:: SUPPLIED RECORDS ::
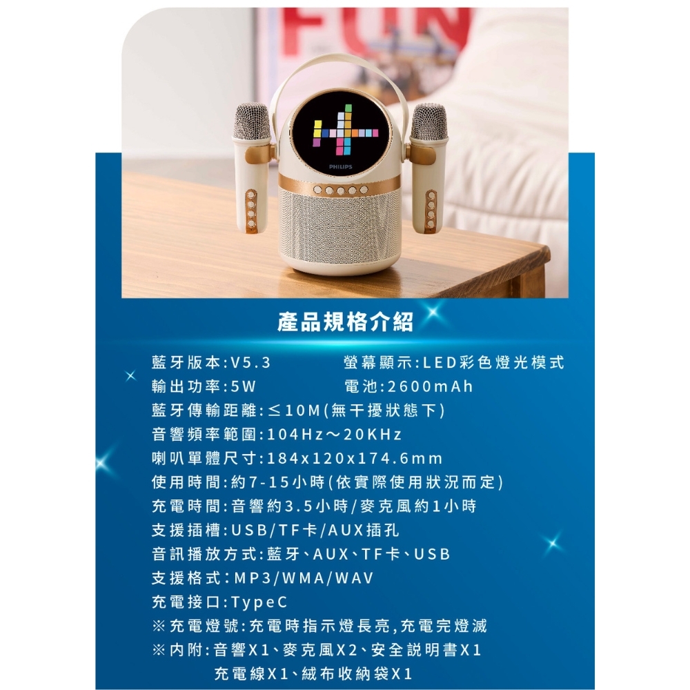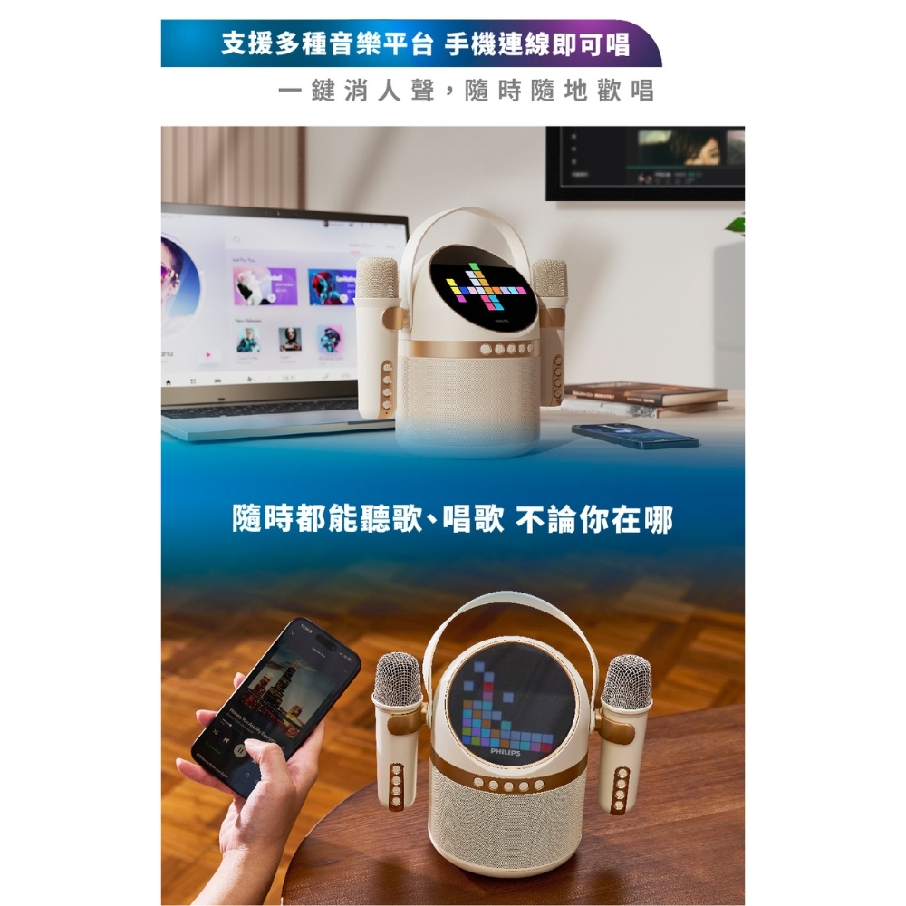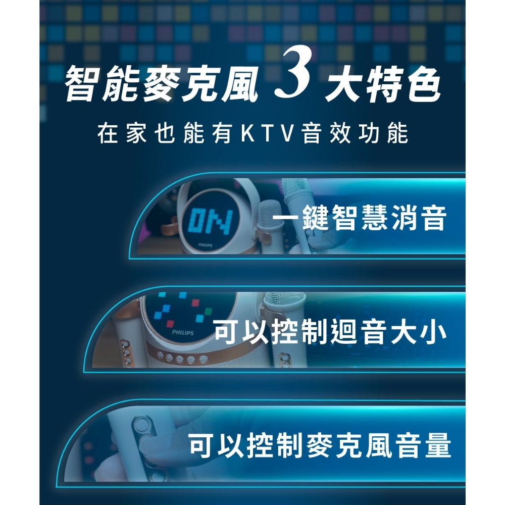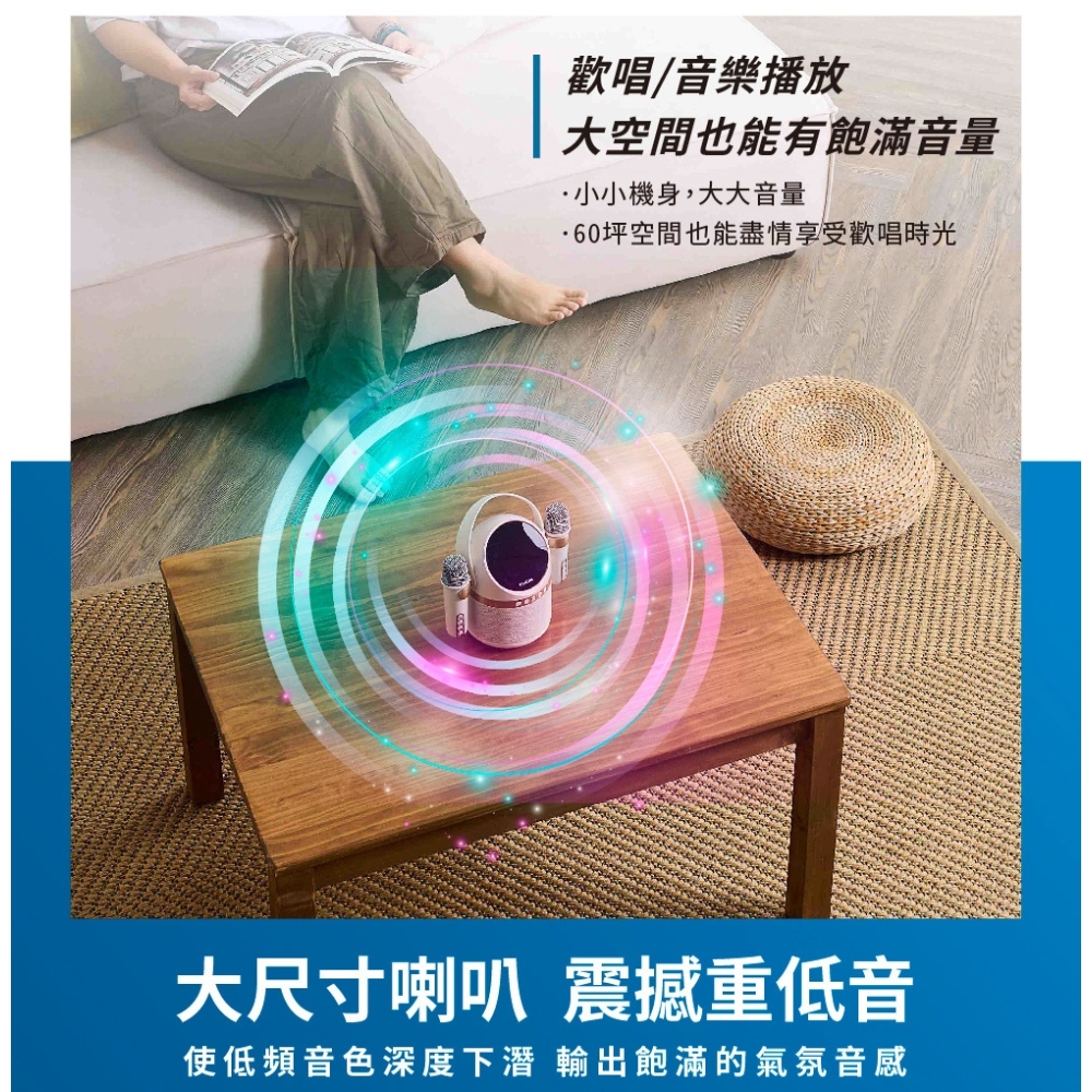‧ 配備2支K歌智能麥克風,可一鍵消除人聲伴唱,加入迴音特效。
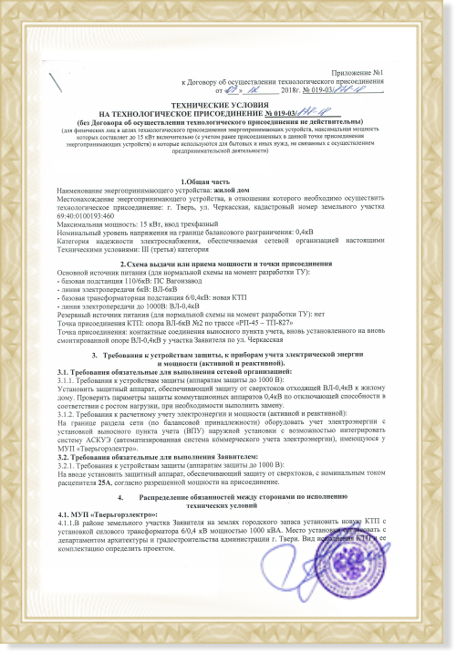 Установка ТП (трансформаторной подстанции), установка столбов под электрику, протяжка кабеля по периметру, запуск электричества
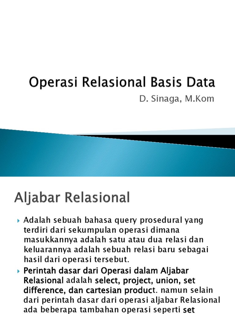 Notasi : r ∪ s= { x | x ∈ r , x ∈ r }
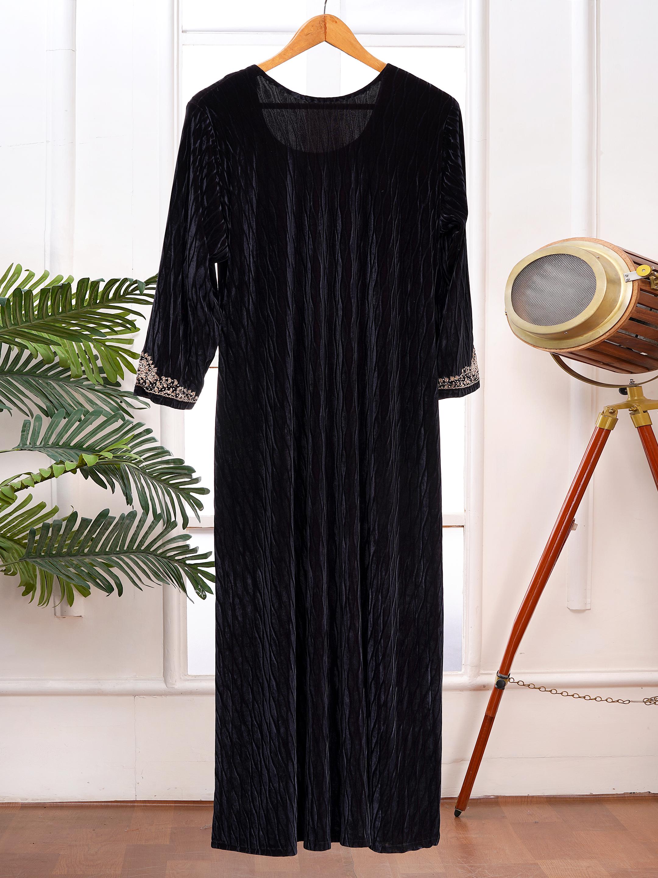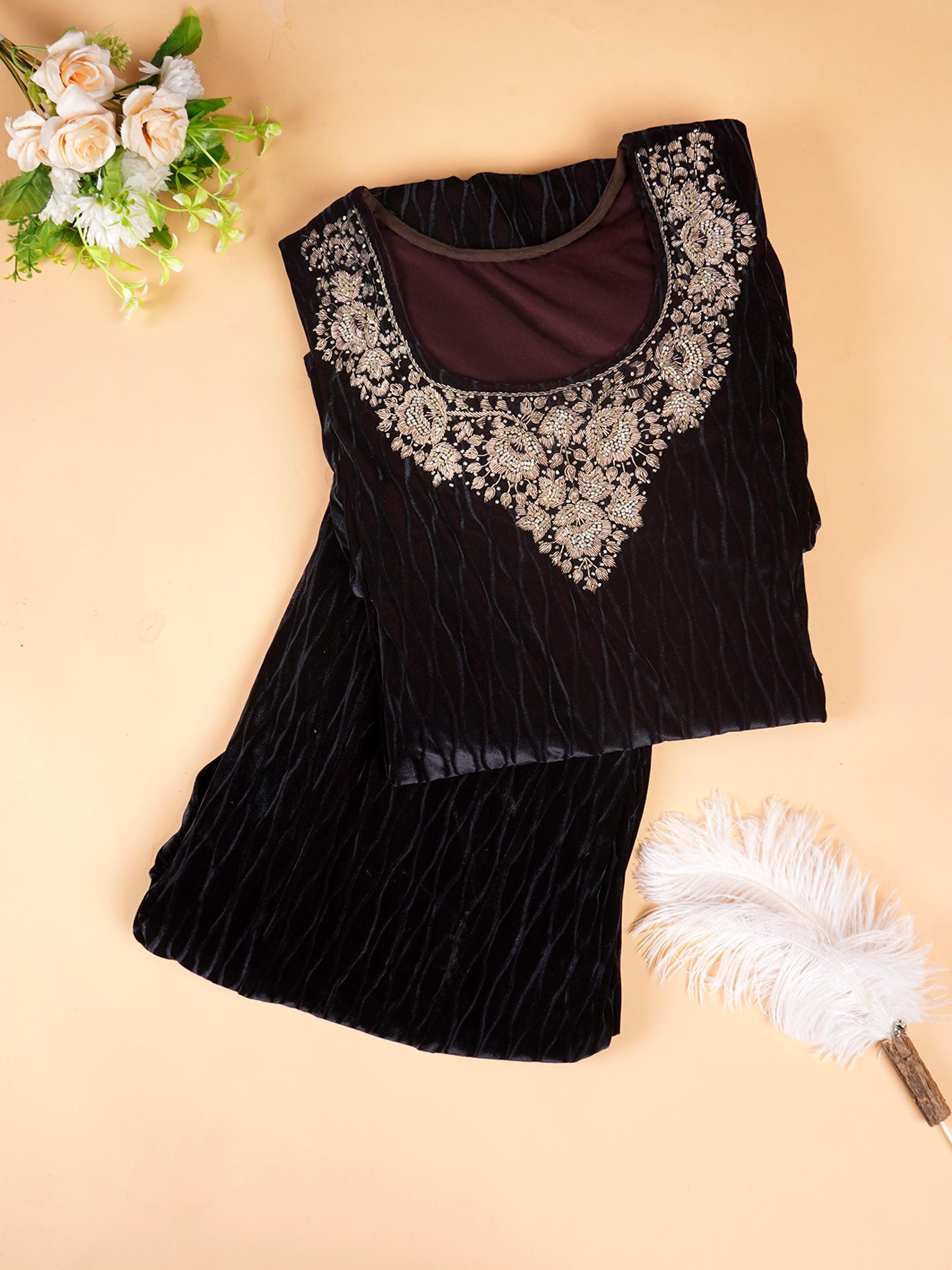 Elevate your wardrobe with this luxurious black velvet set adorned with intricate zardozi hand embroidery. Perfect for festive occasions, weddings, or special evenings, this set exudes elegance and sophistication. The rich velvet fabric provides a soft, comfortable feel, while the zardozi detailing adds a regal touch.
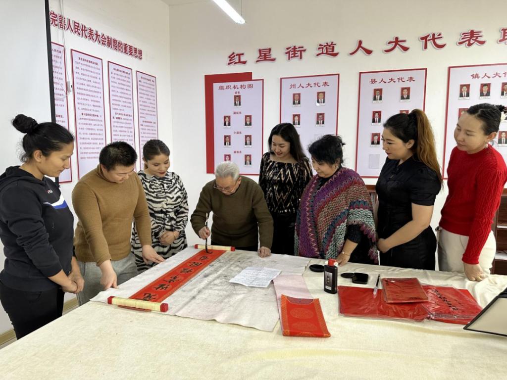 “党性常锤风自正,民情慎察国长兴”。看到这副廉政春联,居民张国庆爱不释手,他说:“老师的字写得刚劲有力,内容也给我很大的启示。马上就要过春节了,我一定会把‘廉洁自律’牢记心间。”红红的春联、浓浓的墨香、带“廉”味的文字,现场处处是喜庆祥和的节日气氛。活动结束后,工作人员将清廉文化元素融入其中的春联赠送给社区党员干部及各族群众,让广大干部群众在欢度新春佳节的同时,接受廉政文化的熏陶,增强廉洁自律意识,形成风清气正的社会风尚。东城社区夕阳红舞蹈队成员杨凤琴感叹道:“风清气正的廉政环境,需要大家共同努力,社区将新年‘廉礼’送到了居民家,非常暖心。”
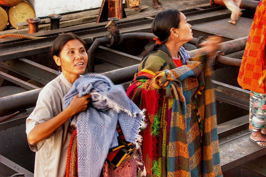 Dort, wo das Boot an einem Kai festmachen kann, bieten die Frauen auch Decken und Kleidung zum Kauf an ...
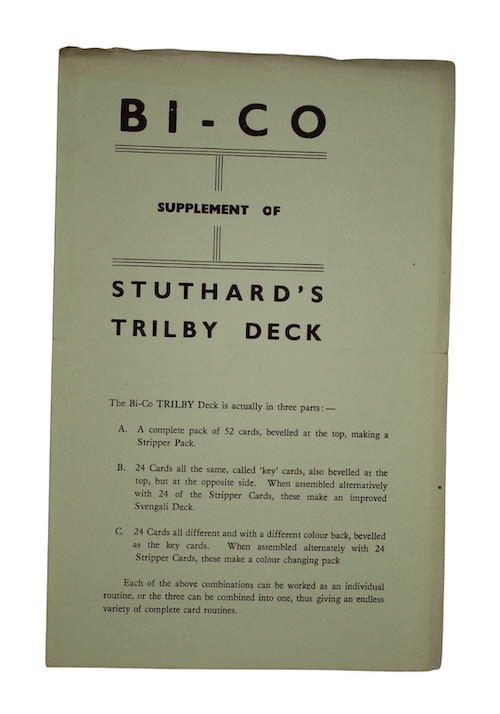 The first edition of a pamphlet detailing and explaining a complete card act designed by Edgar Joseph 'Joe' Stuthard (1911-1992), magician, entertainer, and magic inventor, famed for his talents with a Svengali deck. The manual, structured carefully to introduce the amateur sleight-of-hand student to Stuthard's specially engineered 'Trilby' deck, was clearly successful, being revised the following year and reprinted in a further edition in 1953.
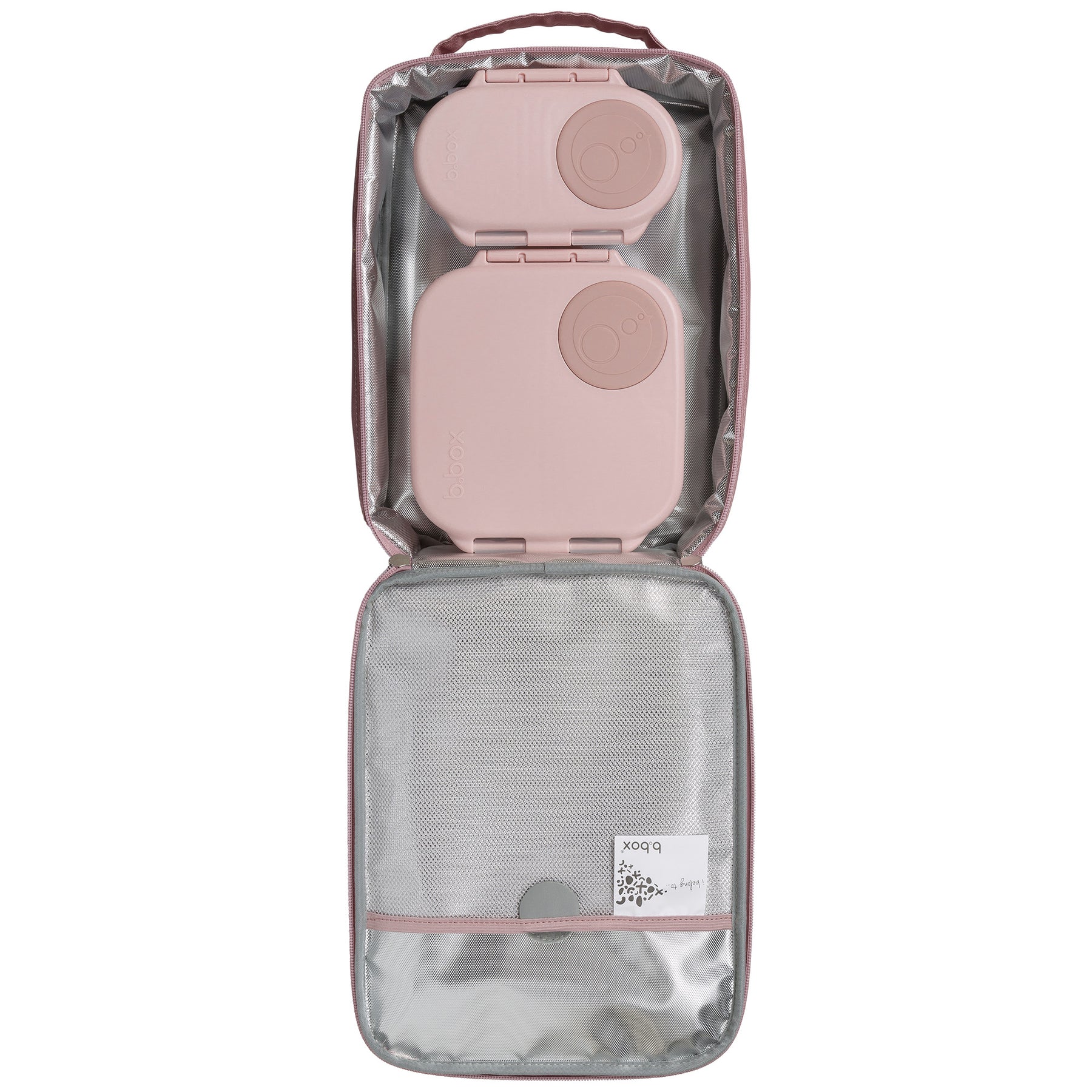La base intérieure hygiénique et sans couture permet un nettoyage facile et en profondeur et les poches latérales respirantes maintiennent les bouteilles de boisson en place (convient à la plupart des bouteilles de boisson b.box)
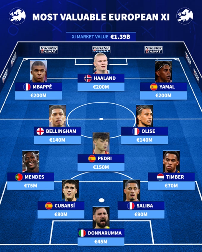 Transfermarkt công bố châu Âu sở hữu đội hình đắt giá nhất thế giới với tổng giá trị lên tới 1,39 tỷ euro. Đội hình này quy tụ nhiều ngôi sao hàng đầu thế giới như Gianluigi Donnarumma trong khung gỗ; hàng thủ có Nuno Mendes, Pau Cubarsi, William Saliba và Jurrien Timber.
:::
### WHAT THE EXERCISE ASKS
Whenever a line holds a picture, print that line without the picture. All other data must be output exactly.

### EXERCISE OUTPUT
‧ 配備2支K歌智能麥克風,可一鍵消除人聲伴唱,加入迴音特效。
 Установка ТП (трансформаторной подстанции), установка столбов под электрику, протяжка кабеля по периметру, запуск электричества
 Notasi : r ∪ s= { x | x ∈ r , x ∈ r }
 Elevate your wardrobe with this luxurious black velvet set adorned with intricate zardozi hand embroidery. Perfect for festive occasions, weddings, or special evenings, this set exudes elegance and sophistication. The rich velvet fabric provides a soft, comfortable feel, while the zardozi detailing adds a regal touch.
 “党性常锤风自正,民情慎察国长兴”。看到这副廉政春联,居民张国庆爱不释手,他说:“老师的字写得刚劲有力,内容也给我很大的启示。马上就要过春节了,我一定会把‘廉洁自律’牢记心间。”红红的春联、浓浓的墨香、带“廉”味的文字,现场处处是喜庆祥和的节日气氛。活动结束后,工作人员将清廉文化元素融入其中的春联赠送给社区党员干部及各族群众,让广大干部群众在欢度新春佳节的同时,接受廉政文化的熏陶,增强廉洁自律意识,形成风清气正的社会风尚。东城社区夕阳红舞蹈队成员杨凤琴感叹道:“风清气正的廉政环境,需要大家共同努力,社区将新年‘廉礼’送到了居民家,非常暖心。”
 Dort, wo das Boot an einem Kai festmachen kann, bieten die Frauen auch Decken und Kleidung zum Kauf an ...
 The first edition of a pamphlet detailing and explaining a complete card act designed by Edgar Joseph 'Joe' Stuthard (1911-1992), magician, entertainer, and magic inventor, famed for his talents with a Svengali deck. The manual, structured carefully to introduce the amateur sleight-of-hand student to Stuthard's specially engineered 'Trilby' deck, was clearly successful, being revised the following year and reprinted in a further edition in 1953.
La base intérieure hygiénique et sans couture permet un nettoyage facile et en profondeur et les poches latérales respirantes maintiennent les bouteilles de boisson en place (convient à la plupart des bouteilles de boisson b.box)
 Transfermarkt công bố châu Âu sở hữu đội hình đắt giá nhất thế giới với tổng giá trị lên tới 1,39 tỷ euro. Đội hình này quy tụ nhiều ngôi sao hàng đầu thế giới như Gianluigi Donnarumma trong khung gỗ; hàng thủ có Nuno Mendes, Pau Cubarsi, William Saliba và Jurrien Timber.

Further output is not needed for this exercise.